Only one stretch of the data should be retyped: the lines from the line containing "Роскошный диван Achille" through the line containing "Өргөдөл, гомдол 2025". Keep pictures out of it.

▶ [Information given]:

-- Opening Marker --

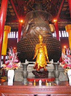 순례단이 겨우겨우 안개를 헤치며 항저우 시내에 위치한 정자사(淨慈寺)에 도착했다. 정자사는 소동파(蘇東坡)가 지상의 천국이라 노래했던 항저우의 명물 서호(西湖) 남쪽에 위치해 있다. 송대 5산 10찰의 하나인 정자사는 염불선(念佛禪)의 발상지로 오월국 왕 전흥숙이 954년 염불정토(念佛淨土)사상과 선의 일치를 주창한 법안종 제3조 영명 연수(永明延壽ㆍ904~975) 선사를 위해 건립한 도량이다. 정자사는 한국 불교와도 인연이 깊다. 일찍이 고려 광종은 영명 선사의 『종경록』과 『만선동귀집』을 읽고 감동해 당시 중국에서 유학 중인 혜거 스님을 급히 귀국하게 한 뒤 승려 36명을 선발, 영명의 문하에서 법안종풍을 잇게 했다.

-- Closing Marker --
-- Opening Marker --

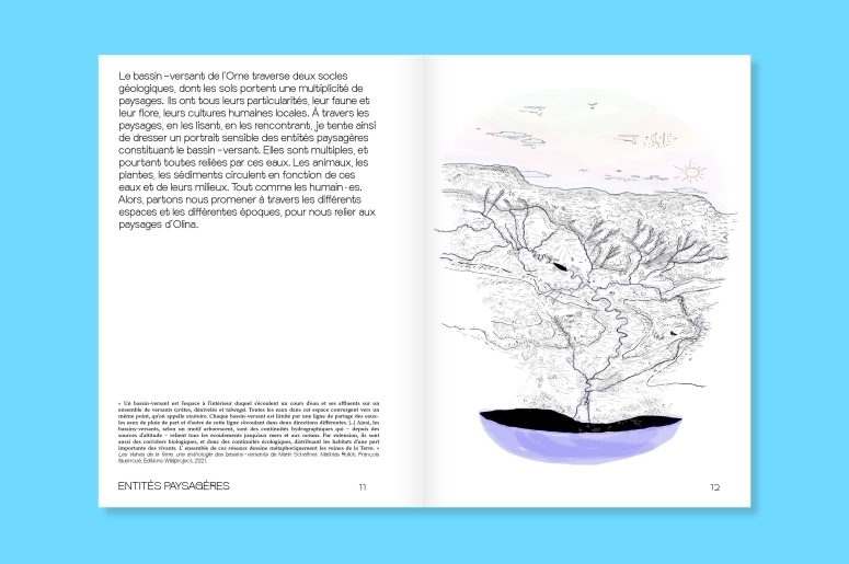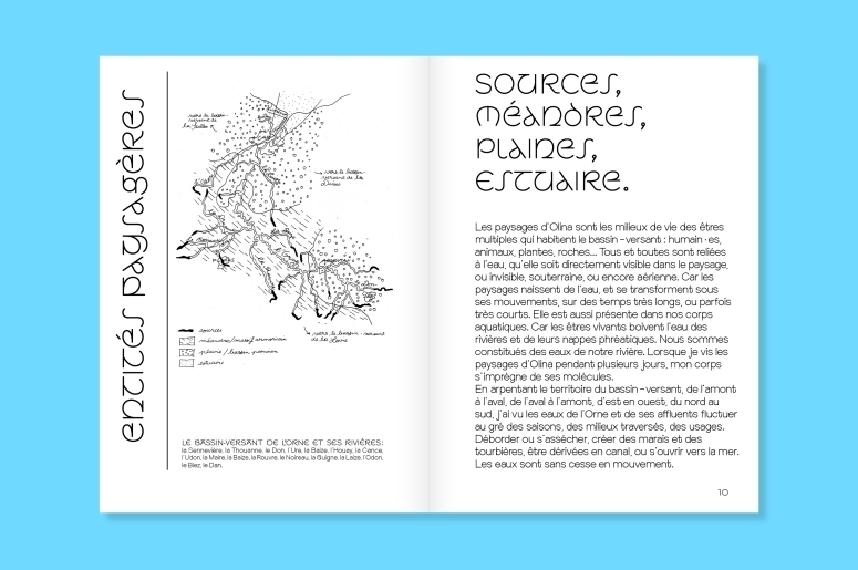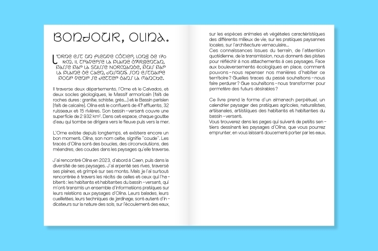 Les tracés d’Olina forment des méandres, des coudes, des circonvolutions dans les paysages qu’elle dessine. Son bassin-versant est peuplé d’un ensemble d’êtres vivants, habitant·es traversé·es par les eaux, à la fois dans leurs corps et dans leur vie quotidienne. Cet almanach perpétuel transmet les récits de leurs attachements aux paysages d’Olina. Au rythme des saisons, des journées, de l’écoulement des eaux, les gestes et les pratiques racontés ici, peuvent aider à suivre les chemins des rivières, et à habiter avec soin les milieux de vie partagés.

-- Closing Marker --
-- Opening Marker --

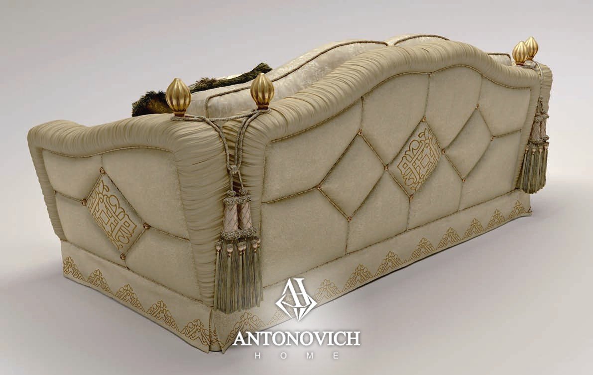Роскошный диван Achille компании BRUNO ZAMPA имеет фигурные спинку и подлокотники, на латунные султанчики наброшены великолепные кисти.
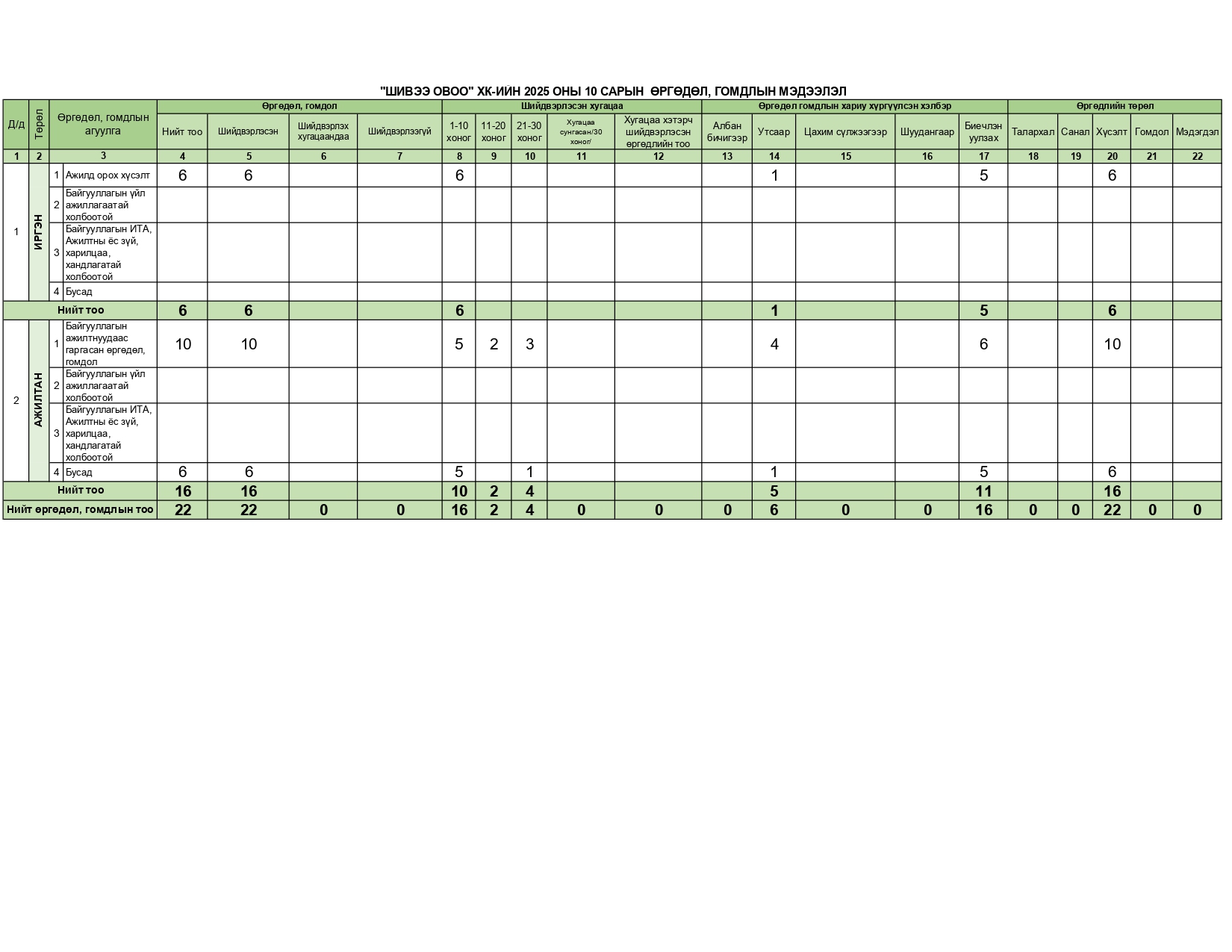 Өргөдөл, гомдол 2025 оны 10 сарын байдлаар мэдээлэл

-- Closing Marker --

▶ [Answer to this task]:
Роскошный диван Achille компании BRUNO ZAMPA имеет фигурные спинку и подлокотники, на латунные султанчики наброшены великолепные кисти.
 Өргөдөл, гомдол 2025 оны 10 сарын байдлаар мэдээлэл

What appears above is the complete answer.